= Beginning of Section =
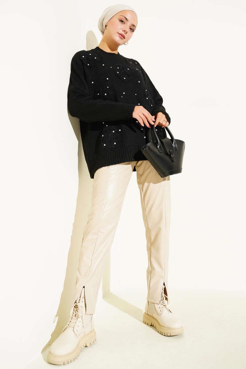 Tulle Floral Stoned Knit Tunic Black (0853-2628-673044)
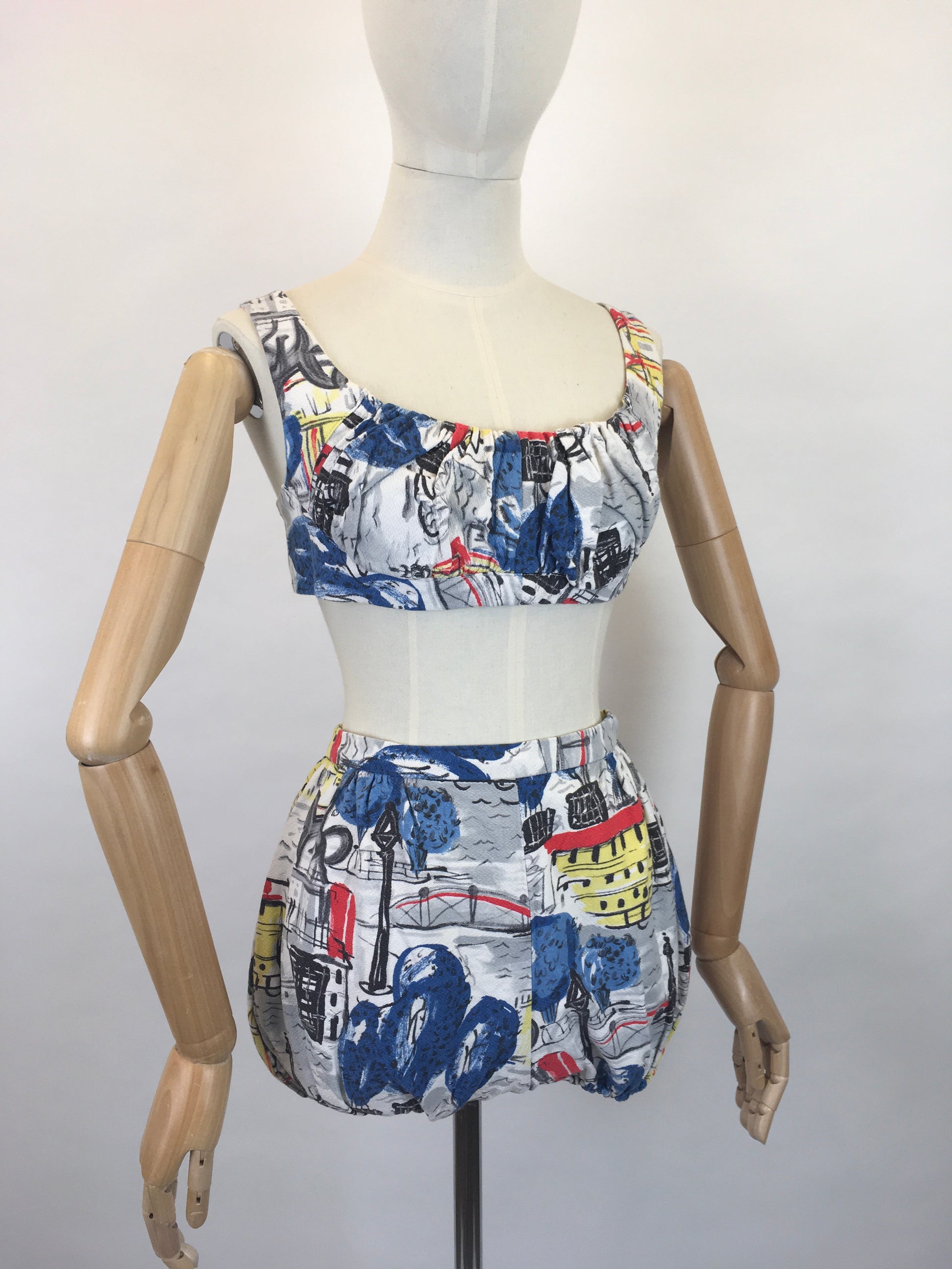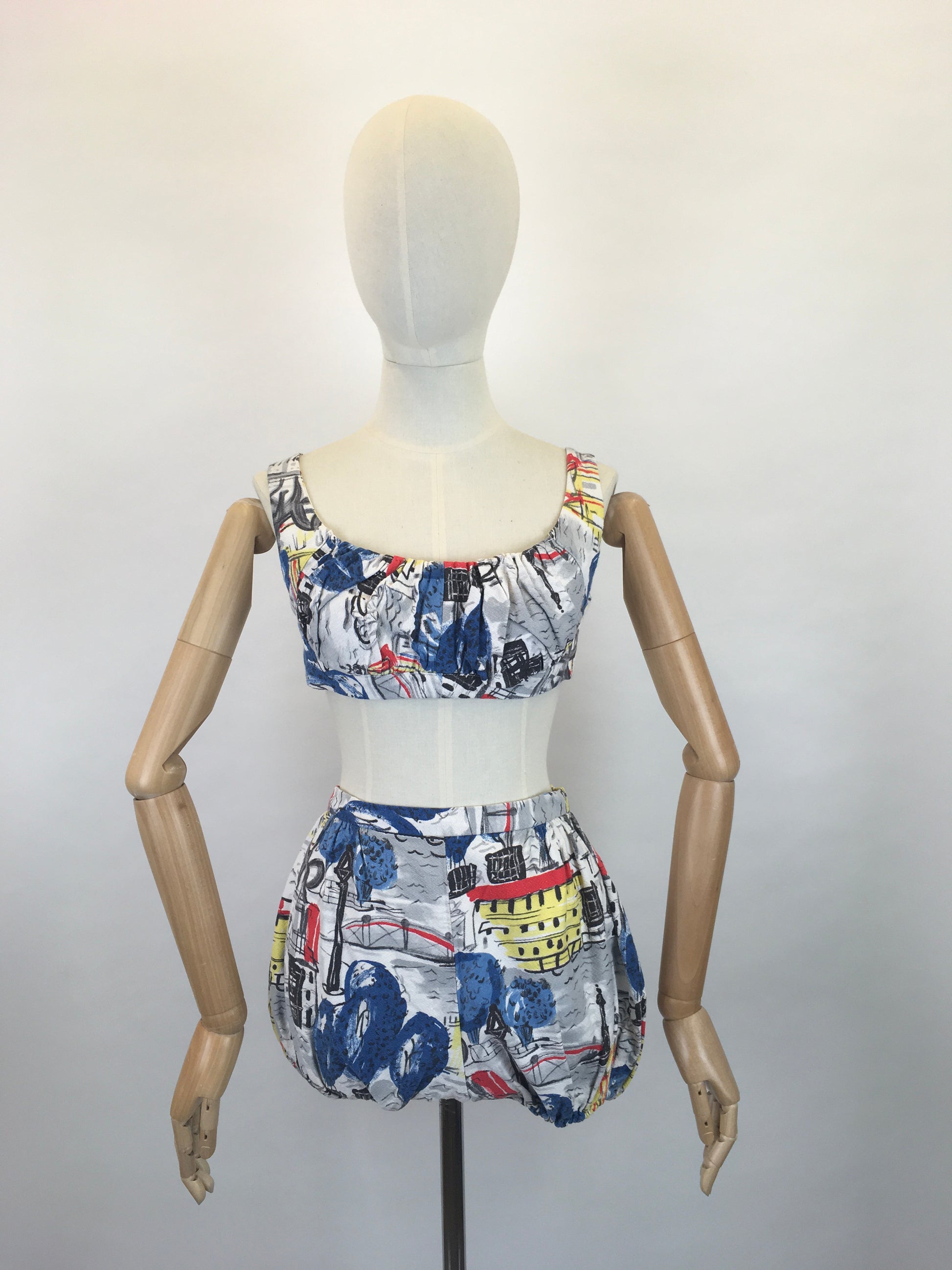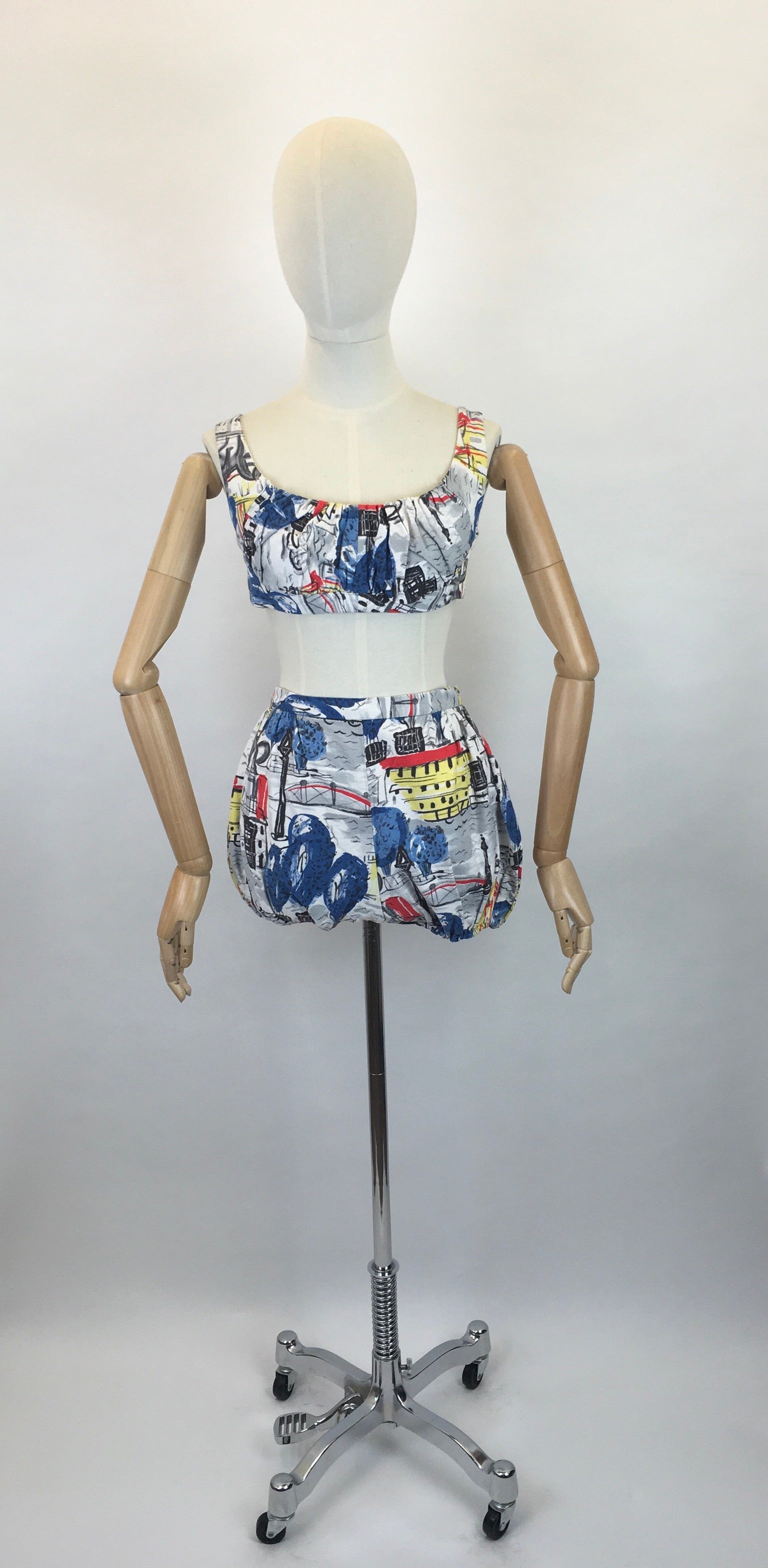 Utterly fabulous vintage 1950s 4 pc sun suit consisting of Sun Top, blouse, bloomer shorts and overlay skirt. Made from a fabulous novelty print barkcloth fabric with pops of bright red, yellow and blues with hues of soft greys and charcoal. Great to be able to be worn all together or wearing separates with other items to create different outfits. Such a fabulous set and even better it’s complete. The sun top features a simple band construction with ruched bust detailing and button back band. The romper shorts features elasticated hem and a metal zip to the rear for fastening. The sun blouse features a lovely shaped collar, button front and small pocket feature and the skirt is a fabulous pleated number with button down front.
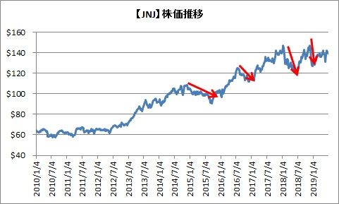 とはいえ、JNJのような超優良企業の株価は、いくら暴落しても、そして何度も急落・暴落をしても、ほぼ確実に復活してきます。そしてそれを上回ってきました。
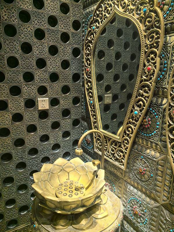 排了一百多桌~今天我们一定要吃到据说装修花了一个亿~确实奢华哪个饭店把卫生间装成这样😂 全铜的味道还可以 作文东北人 觉得不够咸 不够辣
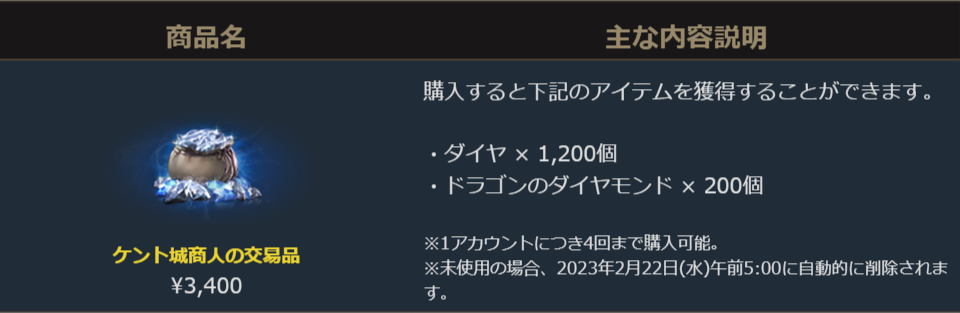 ダイヤに加え大量の「ドラゴンのダイヤモンド」が獲得できるお得なパッケージです。
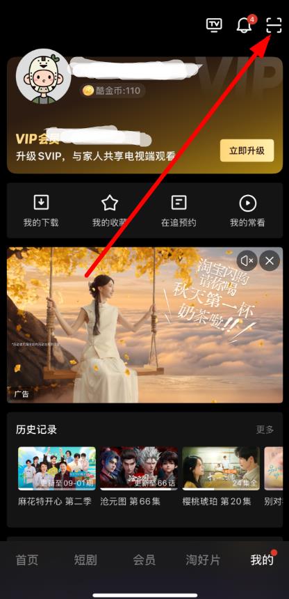 2、在個人頁面右上角,點擊類似方框疊加的掃一掃圖標(biāo)。
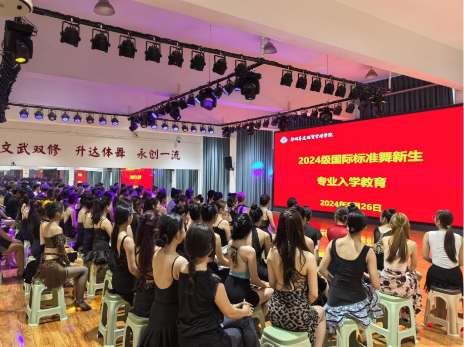 9月26号下午,beat365栗元辉教授对115名2024级国际标准舞新生进行了专业入学教育,专业教育在体育馆体育舞蹈1厅进行。
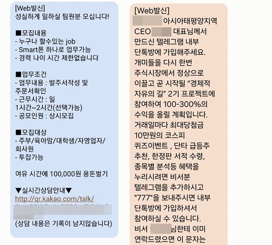 특히 이동통신 3사와 카카오 등은 추석연휴와 민생회복 쿠폰 지급 등 민생과 관련한 불법스팸 발생에 대한 주의안내 및 차단을 더욱 강화해 이용자가 피해를 입지 않도록 힘쓰겠다고 전했다.
= End of Section =
## Task prompt
Set the listing down in full and exactly. Pictures within it should not appear in the copy.

## Your response
 Tulle Floral Stoned Knit Tunic Black (0853-2628-673044)
 Utterly fabulous vintage 1950s 4 pc sun suit consisting of Sun Top, blouse, bloomer shorts and overlay skirt. Made from a fabulous novelty print barkcloth fabric with pops of bright red, yellow and blues with hues of soft greys and charcoal. Great to be able to be worn all together or wearing separates with other items to create different outfits. Such a fabulous set and even better it’s complete. The sun top features a simple band construction with ruched bust detailing and button back band. The romper shorts features elasticated hem and a metal zip to the rear for fastening. The sun blouse features a lovely shaped collar, button front and small pocket feature and the skirt is a fabulous pleated number with button down front.
 とはいえ、JNJのような超優良企業の株価は、いくら暴落しても、そして何度も急落・暴落をしても、ほぼ確実に復活してきます。そしてそれを上回ってきました。
 排了一百多桌~今天我们一定要吃到据说装修花了一个亿~确实奢华哪个饭店把卫生间装成这样😂 全铜的味道还可以 作文东北人 觉得不够咸 不够辣
 ダイヤに加え大量の「ドラゴンのダイヤモンド」が獲得できるお得なパッケージです。
 2、在個人頁面右上角,點擊類似方框疊加的掃一掃圖標(biāo)。
 9月26号下午,beat365栗元辉教授对115名2024级国际标准舞新生进行了专业入学教育,专业教育在体育馆体育舞蹈1厅进行。
 특히 이동통신 3사와 카카오 등은 추석연휴와 민생회복 쿠폰 지급 등 민생과 관련한 불법스팸 발생에 대한 주의안내 및 차단을 더욱 강화해 이용자가 피해를 입지 않도록 힘쓰겠다고 전했다.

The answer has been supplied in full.